Would it be possible to output exactly, and only, the lines below from the one holding "mapSelected:ma" to the last line, both included, with every picture left out?
····················
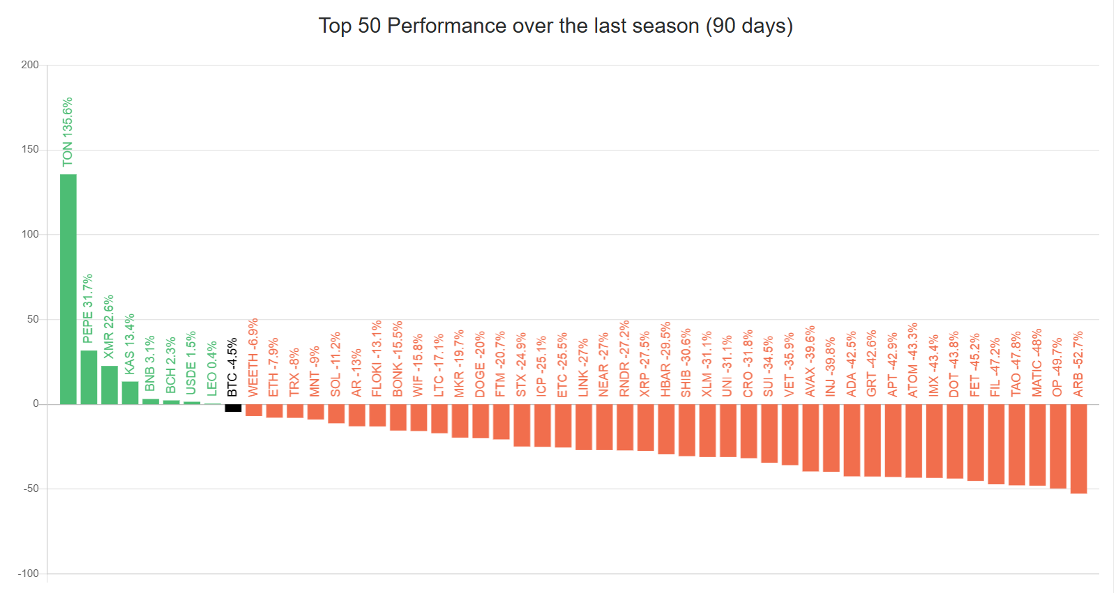 Bir diğer yandan, son 90 gün içinde yalnızca sekiz kripto para Bitcoin’den daha iyi bir performans sergiledi. Meme coinlere karşı artan ilgi ve spot Ethereum ETF onayı bile altcoinlerin değerini yükseltemedi.
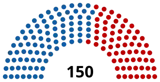 All 150 seats in the Parliament 76 seats needed for a majority | ||||||||||||||||||||||||||||||||||||||||
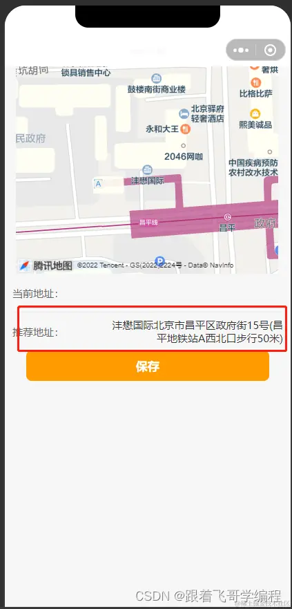 mapSelected:map组件的id, 结合以上方法去实时获取你选择位置的经纬度,根据经纬度即可实现实时选择收货地址的功能。
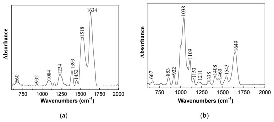 The IR spectrum of the protein G (a) and EGFR antibody (b).
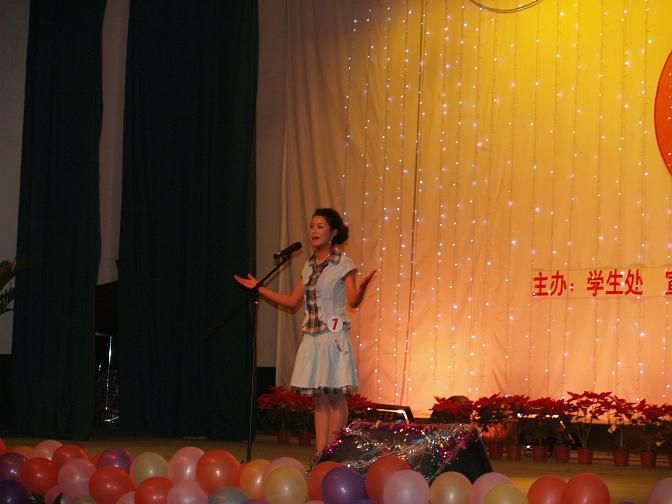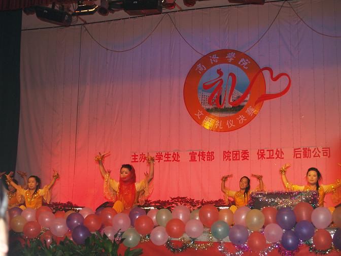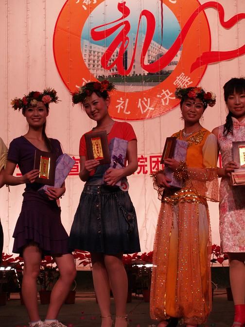2009年6月5日晚由学生处主办,党委宣传部、院团委、保卫处和后勤公司协办的“做文明学子,建和谐校园”之礼仪决赛在大学生活动中心隆重举行。本次礼仪比赛分为礼仪形象展示、主题演讲、个人才艺展示三个环节,活动内容精彩纷呈、寓教于乐,将时尚与传统相结合、流行元素与校本文化相结合,选手们尽情地展示了自己的青春风采,搏得了现场观众的热烈喝彩。在“做文明学子,建和谐校园”大型系列活动中评选出的十位礼仪形象大使依次闪亮登场,掀起了礼仪决赛的高潮。经过形象展示、主题演讲、才艺展示等激烈角逐,我系周美同学不负众望,最终摘得亚军。
····················
Completed task:
 mapSelected:map组件的id, 结合以上方法去实时获取你选择位置的经纬度,根据经纬度即可实现实时选择收货地址的功能。
 The IR spectrum of the protein G (a) and EGFR antibody (b).
2009年6月5日晚由学生处主办,党委宣传部、院团委、保卫处和后勤公司协办的“做文明学子,建和谐校园”之礼仪决赛在大学生活动中心隆重举行。本次礼仪比赛分为礼仪形象展示、主题演讲、个人才艺展示三个环节,活动内容精彩纷呈、寓教于乐,将时尚与传统相结合、流行元素与校本文化相结合,选手们尽情地展示了自己的青春风采,搏得了现场观众的热烈喝彩。在“做文明学子,建和谐校园”大型系列活动中评选出的十位礼仪形象大使依次闪亮登场,掀起了礼仪决赛的高潮。经过形象展示、主题演讲、才艺展示等激烈角逐,我系周美同学不负众望,最终摘得亚军。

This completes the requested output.